WHAT THE TASK ASKS:
Write out every record in full, keeping each character exactly as it is.

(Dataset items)
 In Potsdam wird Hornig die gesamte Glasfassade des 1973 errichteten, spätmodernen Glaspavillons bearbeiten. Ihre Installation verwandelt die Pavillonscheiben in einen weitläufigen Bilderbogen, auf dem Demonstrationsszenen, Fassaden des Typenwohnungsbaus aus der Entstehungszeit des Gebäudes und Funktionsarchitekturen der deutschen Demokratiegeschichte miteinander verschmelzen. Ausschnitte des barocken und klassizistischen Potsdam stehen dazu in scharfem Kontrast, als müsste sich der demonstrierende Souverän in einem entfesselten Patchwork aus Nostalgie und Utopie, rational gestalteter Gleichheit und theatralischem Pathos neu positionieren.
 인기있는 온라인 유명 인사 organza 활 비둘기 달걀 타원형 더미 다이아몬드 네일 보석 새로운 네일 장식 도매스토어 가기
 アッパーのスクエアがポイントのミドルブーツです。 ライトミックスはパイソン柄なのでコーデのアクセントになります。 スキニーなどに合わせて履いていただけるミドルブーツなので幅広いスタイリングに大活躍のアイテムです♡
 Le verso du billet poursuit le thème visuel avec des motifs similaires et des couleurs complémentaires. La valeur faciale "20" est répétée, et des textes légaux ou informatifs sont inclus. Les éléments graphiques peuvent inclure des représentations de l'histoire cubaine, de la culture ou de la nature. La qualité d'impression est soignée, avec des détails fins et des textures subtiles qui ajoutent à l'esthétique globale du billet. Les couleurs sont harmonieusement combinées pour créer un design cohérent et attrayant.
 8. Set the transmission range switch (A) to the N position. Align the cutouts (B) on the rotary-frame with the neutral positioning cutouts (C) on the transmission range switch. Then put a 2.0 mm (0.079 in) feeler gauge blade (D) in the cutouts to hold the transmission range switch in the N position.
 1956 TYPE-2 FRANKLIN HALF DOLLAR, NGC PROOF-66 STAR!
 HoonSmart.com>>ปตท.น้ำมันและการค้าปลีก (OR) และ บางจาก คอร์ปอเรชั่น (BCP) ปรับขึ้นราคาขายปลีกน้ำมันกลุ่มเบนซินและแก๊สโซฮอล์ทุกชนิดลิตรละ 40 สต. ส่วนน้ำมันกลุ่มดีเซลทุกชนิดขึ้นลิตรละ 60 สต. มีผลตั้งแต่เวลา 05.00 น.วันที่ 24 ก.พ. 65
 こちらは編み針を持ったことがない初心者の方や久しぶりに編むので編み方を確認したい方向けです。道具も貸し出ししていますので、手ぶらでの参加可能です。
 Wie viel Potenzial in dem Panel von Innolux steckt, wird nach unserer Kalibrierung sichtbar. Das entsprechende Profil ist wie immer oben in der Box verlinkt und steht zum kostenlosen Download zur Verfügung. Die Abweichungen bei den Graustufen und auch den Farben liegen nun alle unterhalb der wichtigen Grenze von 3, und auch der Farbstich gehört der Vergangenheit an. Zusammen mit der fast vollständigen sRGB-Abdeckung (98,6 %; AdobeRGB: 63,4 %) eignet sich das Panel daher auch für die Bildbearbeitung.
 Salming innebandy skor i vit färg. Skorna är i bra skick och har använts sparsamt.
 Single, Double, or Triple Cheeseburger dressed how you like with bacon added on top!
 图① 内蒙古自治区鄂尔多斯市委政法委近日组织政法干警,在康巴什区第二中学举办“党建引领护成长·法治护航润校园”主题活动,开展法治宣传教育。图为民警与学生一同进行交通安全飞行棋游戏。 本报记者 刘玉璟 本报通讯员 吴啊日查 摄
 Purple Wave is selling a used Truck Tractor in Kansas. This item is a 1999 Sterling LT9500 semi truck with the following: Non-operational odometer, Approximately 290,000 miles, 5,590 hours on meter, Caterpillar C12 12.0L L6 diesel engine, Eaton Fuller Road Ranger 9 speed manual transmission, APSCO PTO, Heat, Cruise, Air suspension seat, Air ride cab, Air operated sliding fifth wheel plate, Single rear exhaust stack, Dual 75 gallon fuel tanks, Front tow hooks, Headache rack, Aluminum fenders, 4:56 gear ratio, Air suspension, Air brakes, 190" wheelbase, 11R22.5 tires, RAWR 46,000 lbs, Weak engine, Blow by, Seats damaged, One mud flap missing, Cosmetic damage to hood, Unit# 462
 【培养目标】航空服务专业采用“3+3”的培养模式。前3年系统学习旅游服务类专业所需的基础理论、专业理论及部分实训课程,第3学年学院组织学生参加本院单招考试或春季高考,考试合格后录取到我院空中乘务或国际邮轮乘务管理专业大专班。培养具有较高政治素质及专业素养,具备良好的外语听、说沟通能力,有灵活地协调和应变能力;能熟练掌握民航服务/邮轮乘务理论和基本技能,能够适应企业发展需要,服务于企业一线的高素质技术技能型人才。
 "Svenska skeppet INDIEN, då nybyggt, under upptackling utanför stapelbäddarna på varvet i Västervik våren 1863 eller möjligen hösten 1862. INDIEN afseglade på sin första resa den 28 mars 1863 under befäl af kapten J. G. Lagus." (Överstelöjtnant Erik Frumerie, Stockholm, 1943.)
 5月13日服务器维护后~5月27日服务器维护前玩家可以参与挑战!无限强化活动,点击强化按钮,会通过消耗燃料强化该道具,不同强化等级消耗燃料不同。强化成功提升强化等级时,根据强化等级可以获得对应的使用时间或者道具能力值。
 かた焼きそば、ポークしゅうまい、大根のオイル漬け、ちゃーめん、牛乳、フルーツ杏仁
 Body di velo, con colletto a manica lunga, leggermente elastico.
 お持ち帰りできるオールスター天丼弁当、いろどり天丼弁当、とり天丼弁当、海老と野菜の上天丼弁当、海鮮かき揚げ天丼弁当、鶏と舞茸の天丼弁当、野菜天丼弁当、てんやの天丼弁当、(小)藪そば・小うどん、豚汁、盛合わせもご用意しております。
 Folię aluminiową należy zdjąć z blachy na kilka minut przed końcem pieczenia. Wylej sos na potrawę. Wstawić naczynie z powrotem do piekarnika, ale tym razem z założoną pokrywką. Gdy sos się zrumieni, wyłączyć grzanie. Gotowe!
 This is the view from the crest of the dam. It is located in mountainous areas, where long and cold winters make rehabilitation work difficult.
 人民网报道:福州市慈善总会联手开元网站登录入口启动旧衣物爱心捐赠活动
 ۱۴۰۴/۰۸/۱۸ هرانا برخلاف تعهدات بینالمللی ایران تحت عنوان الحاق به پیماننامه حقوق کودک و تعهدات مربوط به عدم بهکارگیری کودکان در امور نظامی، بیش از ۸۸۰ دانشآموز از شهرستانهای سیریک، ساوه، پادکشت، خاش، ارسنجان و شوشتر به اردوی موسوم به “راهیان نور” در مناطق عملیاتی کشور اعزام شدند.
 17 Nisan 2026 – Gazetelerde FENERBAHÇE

OUTPUT OF THE EXERCISE:
 In Potsdam wird Hornig die gesamte Glasfassade des 1973 errichteten, spätmodernen Glaspavillons bearbeiten. Ihre Installation verwandelt die Pavillonscheiben in einen weitläufigen Bilderbogen, auf dem Demonstrationsszenen, Fassaden des Typenwohnungsbaus aus der Entstehungszeit des Gebäudes und Funktionsarchitekturen der deutschen Demokratiegeschichte miteinander verschmelzen. Ausschnitte des barocken und klassizistischen Potsdam stehen dazu in scharfem Kontrast, als müsste sich der demonstrierende Souverän in einem entfesselten Patchwork aus Nostalgie und Utopie, rational gestalteter Gleichheit und theatralischem Pathos neu positionieren.
 인기있는 온라인 유명 인사 organza 활 비둘기 달걀 타원형 더미 다이아몬드 네일 보석 새로운 네일 장식 도매스토어 가기
 アッパーのスクエアがポイントのミドルブーツです。 ライトミックスはパイソン柄なのでコーデのアクセントになります。 スキニーなどに合わせて履いていただけるミドルブーツなので幅広いスタイリングに大活躍のアイテムです♡
 Le verso du billet poursuit le thème visuel avec des motifs similaires et des couleurs complémentaires. La valeur faciale "20" est répétée, et des textes légaux ou informatifs sont inclus. Les éléments graphiques peuvent inclure des représentations de l'histoire cubaine, de la culture ou de la nature. La qualité d'impression est soignée, avec des détails fins et des textures subtiles qui ajoutent à l'esthétique globale du billet. Les couleurs sont harmonieusement combinées pour créer un design cohérent et attrayant.
 8. Set the transmission range switch (A) to the N position. Align the cutouts (B) on the rotary-frame with the neutral positioning cutouts (C) on the transmission range switch. Then put a 2.0 mm (0.079 in) feeler gauge blade (D) in the cutouts to hold the transmission range switch in the N position.
 1956 TYPE-2 FRANKLIN HALF DOLLAR, NGC PROOF-66 STAR!
 HoonSmart.com>>ปตท.น้ำมันและการค้าปลีก (OR) และ บางจาก คอร์ปอเรชั่น (BCP) ปรับขึ้นราคาขายปลีกน้ำมันกลุ่มเบนซินและแก๊สโซฮอล์ทุกชนิดลิตรละ 40 สต. ส่วนน้ำมันกลุ่มดีเซลทุกชนิดขึ้นลิตรละ 60 สต. มีผลตั้งแต่เวลา 05.00 น.วันที่ 24 ก.พ. 65
 こちらは編み針を持ったことがない初心者の方や久しぶりに編むので編み方を確認したい方向けです。道具も貸し出ししていますので、手ぶらでの参加可能です。
 Wie viel Potenzial in dem Panel von Innolux steckt, wird nach unserer Kalibrierung sichtbar. Das entsprechende Profil ist wie immer oben in der Box verlinkt und steht zum kostenlosen Download zur Verfügung. Die Abweichungen bei den Graustufen und auch den Farben liegen nun alle unterhalb der wichtigen Grenze von 3, und auch der Farbstich gehört der Vergangenheit an. Zusammen mit der fast vollständigen sRGB-Abdeckung (98,6 %; AdobeRGB: 63,4 %) eignet sich das Panel daher auch für die Bildbearbeitung.
 Salming innebandy skor i vit färg. Skorna är i bra skick och har använts sparsamt.
 Single, Double, or Triple Cheeseburger dressed how you like with bacon added on top!
 图① 内蒙古自治区鄂尔多斯市委政法委近日组织政法干警,在康巴什区第二中学举办“党建引领护成长·法治护航润校园”主题活动,开展法治宣传教育。图为民警与学生一同进行交通安全飞行棋游戏。 本报记者 刘玉璟 本报通讯员 吴啊日查 摄
 Purple Wave is selling a used Truck Tractor in Kansas. This item is a 1999 Sterling LT9500 semi truck with the following: Non-operational odometer, Approximately 290,000 miles, 5,590 hours on meter, Caterpillar C12 12.0L L6 diesel engine, Eaton Fuller Road Ranger 9 speed manual transmission, APSCO PTO, Heat, Cruise, Air suspension seat, Air ride cab, Air operated sliding fifth wheel plate, Single rear exhaust stack, Dual 75 gallon fuel tanks, Front tow hooks, Headache rack, Aluminum fenders, 4:56 gear ratio, Air suspension, Air brakes, 190" wheelbase, 11R22.5 tires, RAWR 46,000 lbs, Weak engine, Blow by, Seats damaged, One mud flap missing, Cosmetic damage to hood, Unit# 462
 【培养目标】航空服务专业采用“3+3”的培养模式。前3年系统学习旅游服务类专业所需的基础理论、专业理论及部分实训课程,第3学年学院组织学生参加本院单招考试或春季高考,考试合格后录取到我院空中乘务或国际邮轮乘务管理专业大专班。培养具有较高政治素质及专业素养,具备良好的外语听、说沟通能力,有灵活地协调和应变能力;能熟练掌握民航服务/邮轮乘务理论和基本技能,能够适应企业发展需要,服务于企业一线的高素质技术技能型人才。
 "Svenska skeppet INDIEN, då nybyggt, under upptackling utanför stapelbäddarna på varvet i Västervik våren 1863 eller möjligen hösten 1862. INDIEN afseglade på sin första resa den 28 mars 1863 under befäl af kapten J. G. Lagus." (Överstelöjtnant Erik Frumerie, Stockholm, 1943.)
 5月13日服务器维护后~5月27日服务器维护前玩家可以参与挑战!无限强化活动,点击强化按钮,会通过消耗燃料强化该道具,不同强化等级消耗燃料不同。强化成功提升强化等级时,根据强化等级可以获得对应的使用时间或者道具能力值。
 かた焼きそば、ポークしゅうまい、大根のオイル漬け、ちゃーめん、牛乳、フルーツ杏仁
 Body di velo, con colletto a manica lunga, leggermente elastico.
 お持ち帰りできるオールスター天丼弁当、いろどり天丼弁当、とり天丼弁当、海老と野菜の上天丼弁当、海鮮かき揚げ天丼弁当、鶏と舞茸の天丼弁当、野菜天丼弁当、てんやの天丼弁当、(小)藪そば・小うどん、豚汁、盛合わせもご用意しております。
 Folię aluminiową należy zdjąć z blachy na kilka minut przed końcem pieczenia. Wylej sos na potrawę. Wstawić naczynie z powrotem do piekarnika, ale tym razem z założoną pokrywką. Gdy sos się zrumieni, wyłączyć grzanie. Gotowe!
 This is the view from the crest of the dam. It is located in mountainous areas, where long and cold winters make rehabilitation work difficult.
 人民网报道:福州市慈善总会联手开元网站登录入口启动旧衣物爱心捐赠活动
 ۱۴۰۴/۰۸/۱۸ هرانا برخلاف تعهدات بینالمللی ایران تحت عنوان الحاق به پیماننامه حقوق کودک و تعهدات مربوط به عدم بهکارگیری کودکان در امور نظامی، بیش از ۸۸۰ دانشآموز از شهرستانهای سیریک، ساوه، پادکشت، خاش، ارسنجان و شوشتر به اردوی موسوم به “راهیان نور” در مناطق عملیاتی کشور اعزام شدند.
 17 Nisan 2026 – Gazetelerde FENERBAHÇE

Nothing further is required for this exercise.